North Korea is experiencing its worst drought in over a century, according to its state media, days after the United Nations‘ World Food Programme (WFP) expressed “very serious concerns” about the situation in the country.
In the year to Wednesday, the country received just 56.3mm of rain or snow, the Rodong Sinmun newspaper reported on Friday, the lowest since 1917.
Water was running out in the country’s lakes and reservoirs, said the paper.
“The ongoing drought is causing a significant effect on the cultivation of wheat, barley, corn, potatoes and beans,” the report said.
In their most recent estimates, the UN’s Food and Agriculture Organisation and WFP said about 10.1 million North Koreans – 40 percent of the population – were suffering from severe food shortages, a similar figure to recent years.
“We have very serious concerns” about the situation in North Korea, WFP’s executive director David Beasley said during a visit to South Korea earlier this week.
Last week, the International Federation of Red Cross and Red Crescent Societies (IFRC) also raised alarm over the drought.
“We are particularly concerned about the impact that this early drought will have on children and adults who are already struggling to survive,” said Mohamed Babiker, the head of IFRC’s country office in North Korea.
“Even before this drought, one in five children under five years old was stunted because of poor nutrition. We are concerned that these children will not be able to cope with further stress on their bodies,” he said.
Help from Seoul
South Korea is planning to provide food aid to the North – a politically controversial move after Pyongyang launched several short-range devices earlier this month with nuclear negotiations deadlocked with the United States, its first such tests for more than a year.
“The issue of food aid should be considered from a humanitarian perspective as fellow Koreans, regardless of the security issues,” South Korea‘s NSA Chung Eui-yong said on Friday.
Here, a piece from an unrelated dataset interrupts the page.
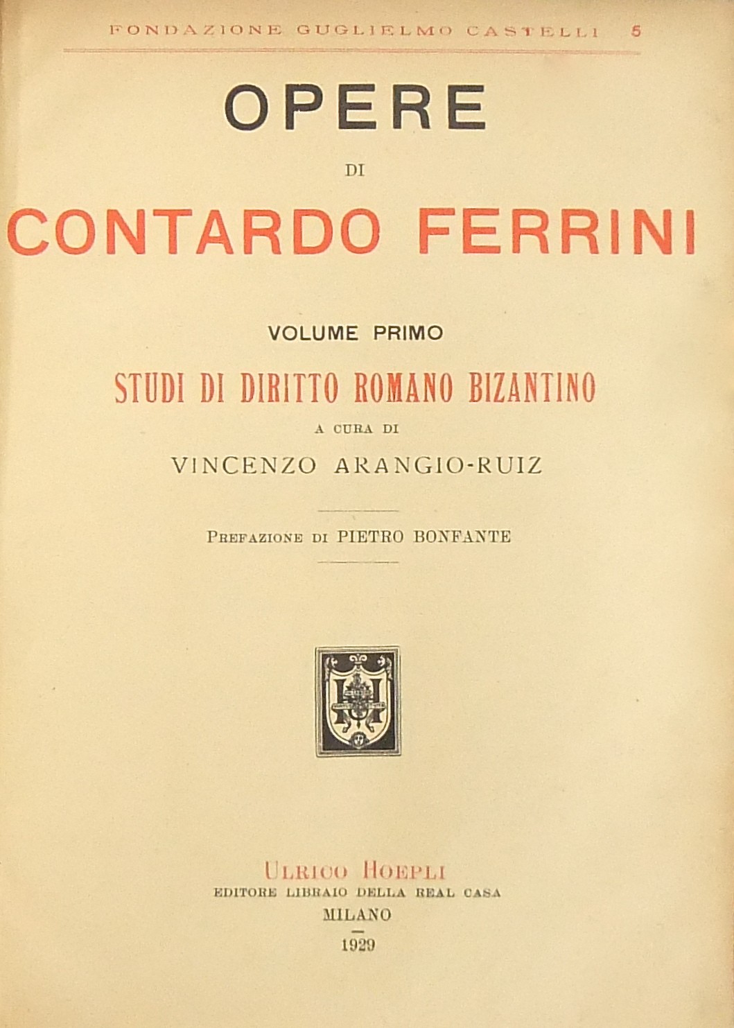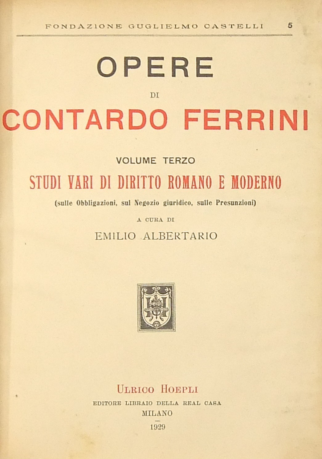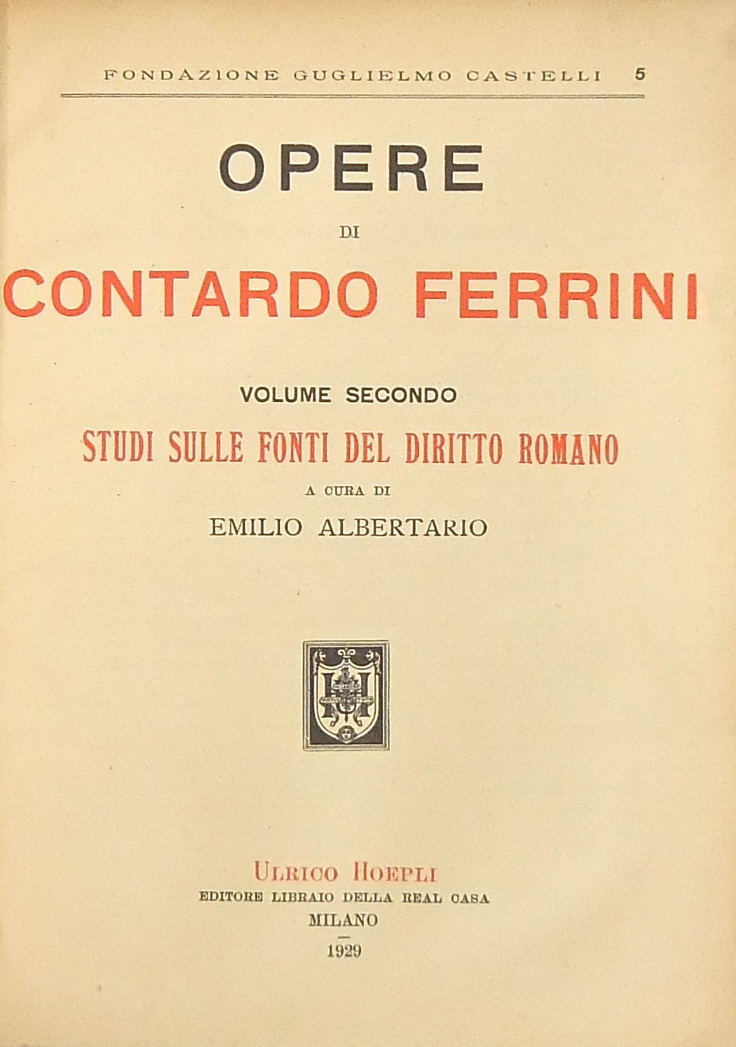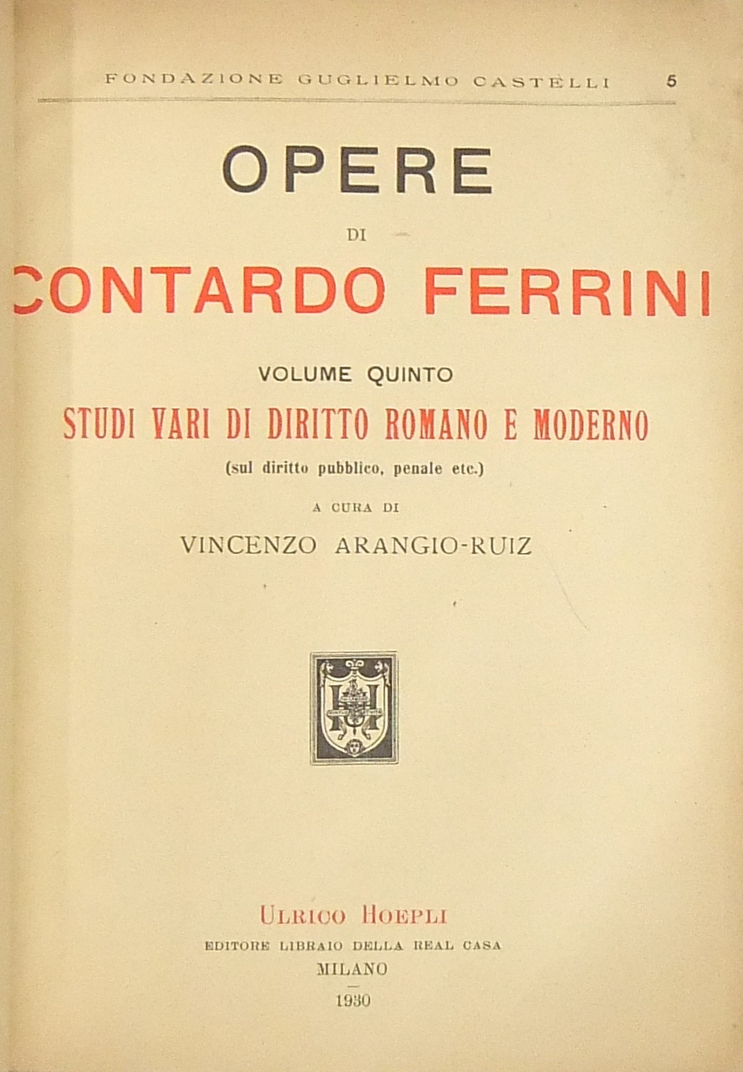 Opere. Prefazione di Pietro Bonfante. Vol. I - Studi di diritto romano bizantino (a cura di Vincenzo Arangio Ruiz); Vol. II - Studi sulle fonti del diritto romano (a cura di Emilio Albertario); Vol. III - Studi vari di diritto romano e moderno (sulle obbligazioni sul negozio giuridico sulle presunzioni) (a cura di Emilio Albertario); Vol. IV - Studi vari di diritto romano e moderno (sui diritti reali e di successione) (a cura di Pietro Ciapessoni); Vol. V - Studi vari di diritto romano e moderno (sul diritto pubblico penale etc.) (a cura di Vincenzo Arangio Ruiz)

International sanctions against Pyongyang technically do not ban humanitarian aid, but strict interpretations of restrictions on banking transactions and imports by North Korea – along with a travel ban for American citizens – have hampered relief groups’ activities.
The last time North Korea reported it was experiencing its “worst drought in 100 years” was in June 2015.
The isolated, impoverished country – which is under several sets of sanctions over its nuclear weapon and ballistic missile programmes – has long struggled to feed itself, and suffers chronic food shortages.